In the listing, locate the line containing "Plug your FAT/FAT32", then quote it and all following lines exactly. Omit pictures.
***** TASK DATA
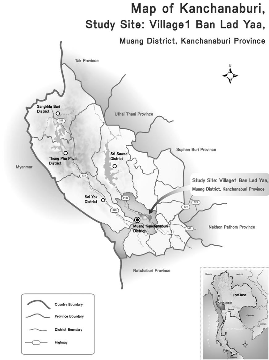
FIGURE 2. Kanchanaburi, Thailand study location from which inhabitants of Ban Lad Yaa within the Muang District were recruited for participation in focus group discussions.

Samples. In all, 102 individuals, between 25 and 65 years of age, participated in nine focus group discussions (5 groups in Peru and 4 groups in Thailand) (Table 2). The variation in total focus groups performed between the study sites reflects the use of saturation, defined as the point at which no new themes or information emerges during the data collection that was used to guide sampling in both sites. 25 Saturation is a commonly used threshold for sample size in qualitative research. 25
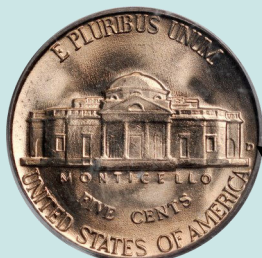
Mint Mark 1938– 1966
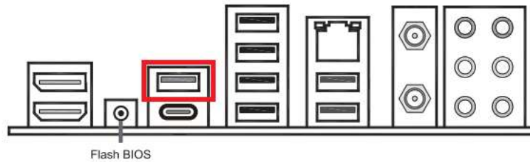
Rear I/O Interface

Plug your FAT/FAT32 USB drive into the correct USB port as below:
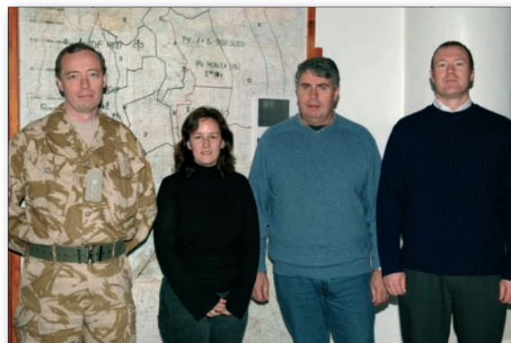
Group from British embassy in Damascus getting information in UNDOF HQ (26 th November)
**********
* RESPONSE FOR THIS EXERCISE *
Plug your FAT/FAT32 USB drive into the correct USB port as below:
Group from British embassy in Damascus getting information in UNDOF HQ (26 th November)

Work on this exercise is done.